Pictures stay out of the copy. Retype exactly the lines below from the one with "オフィスで浮かないおしゃれな" through the one with "Salvatore Ferragamo Black".

Extracted material:
-- Opening Marker --

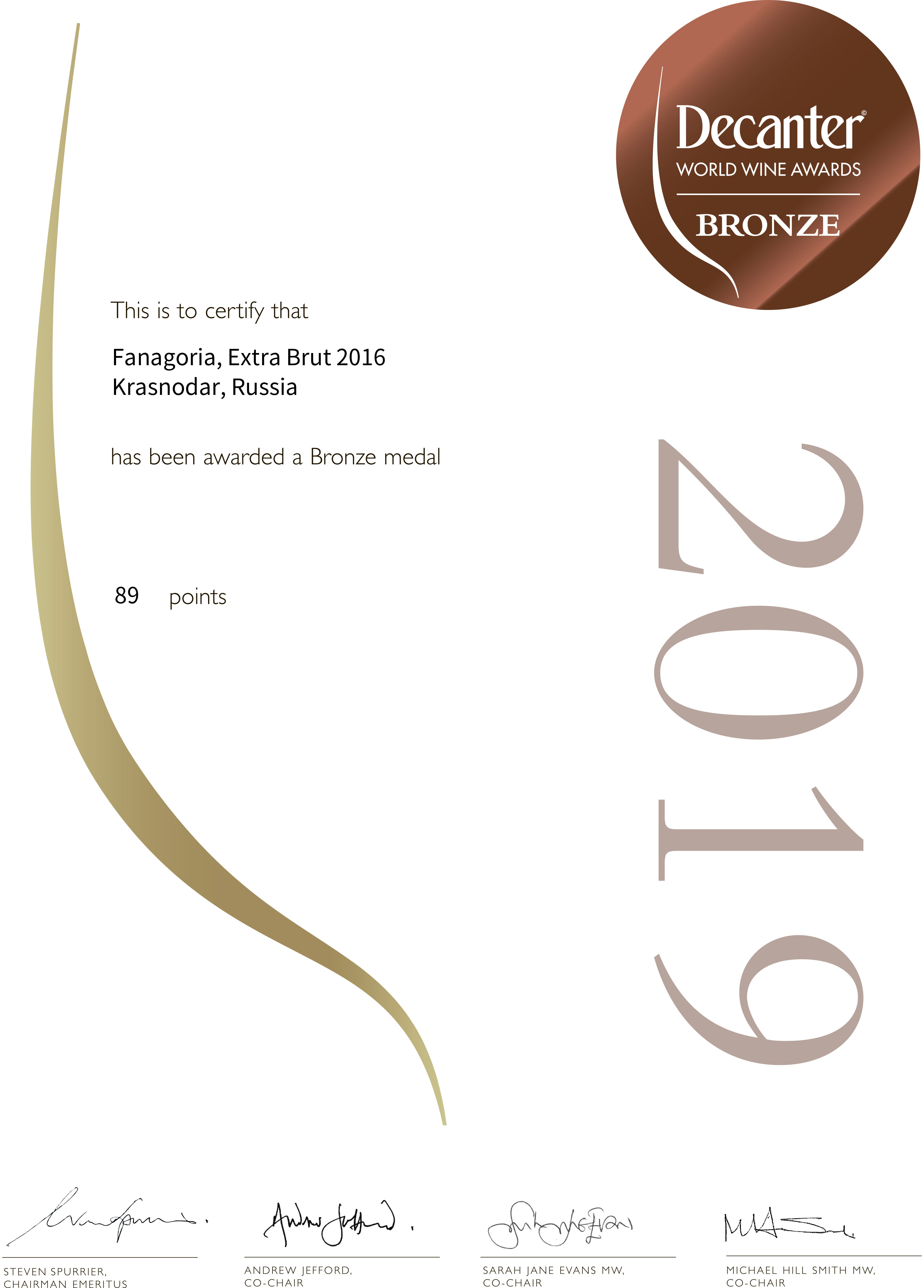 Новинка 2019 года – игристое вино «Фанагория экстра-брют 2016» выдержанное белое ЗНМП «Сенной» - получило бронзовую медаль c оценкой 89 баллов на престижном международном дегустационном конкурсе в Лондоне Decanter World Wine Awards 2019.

-- Closing Marker --
-- Opening Marker --

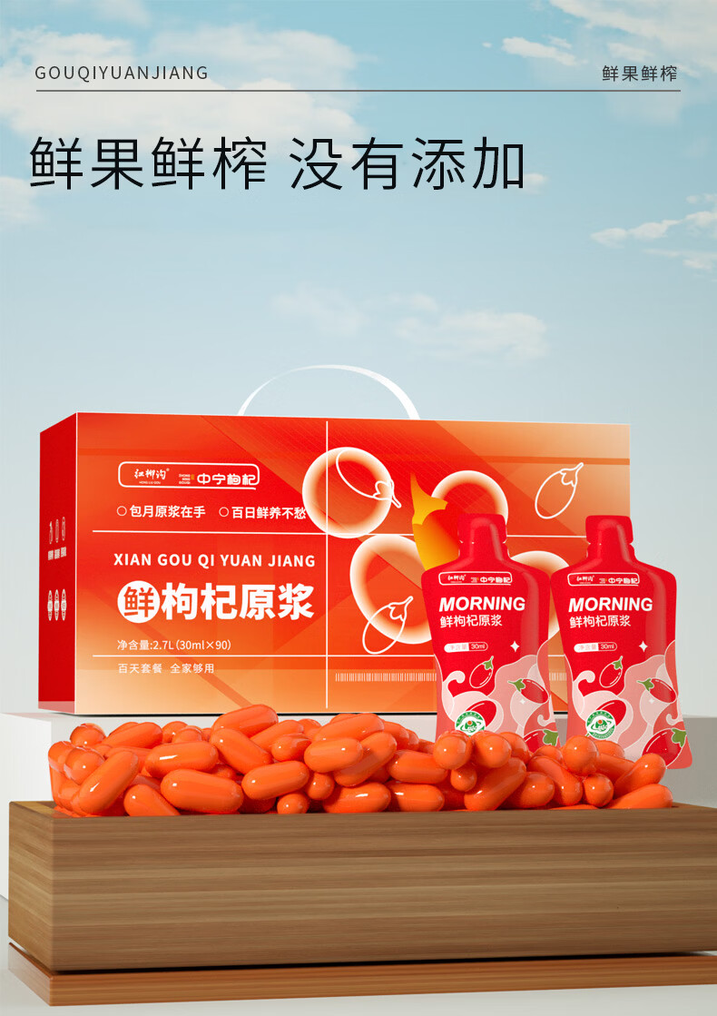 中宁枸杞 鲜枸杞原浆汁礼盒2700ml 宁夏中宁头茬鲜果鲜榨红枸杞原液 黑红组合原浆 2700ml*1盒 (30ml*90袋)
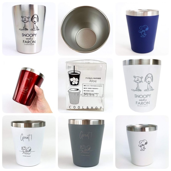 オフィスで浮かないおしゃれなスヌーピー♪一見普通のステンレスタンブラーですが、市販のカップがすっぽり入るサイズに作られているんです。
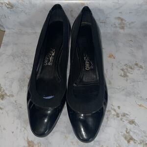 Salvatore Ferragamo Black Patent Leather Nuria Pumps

-- Closing Marker --

Response area:
 オフィスで浮かないおしゃれなスヌーピー♪一見普通のステンレスタンブラーですが、市販のカップがすっぽり入るサイズに作られているんです。
 Salvatore Ferragamo Black Patent Leather Nuria Pumps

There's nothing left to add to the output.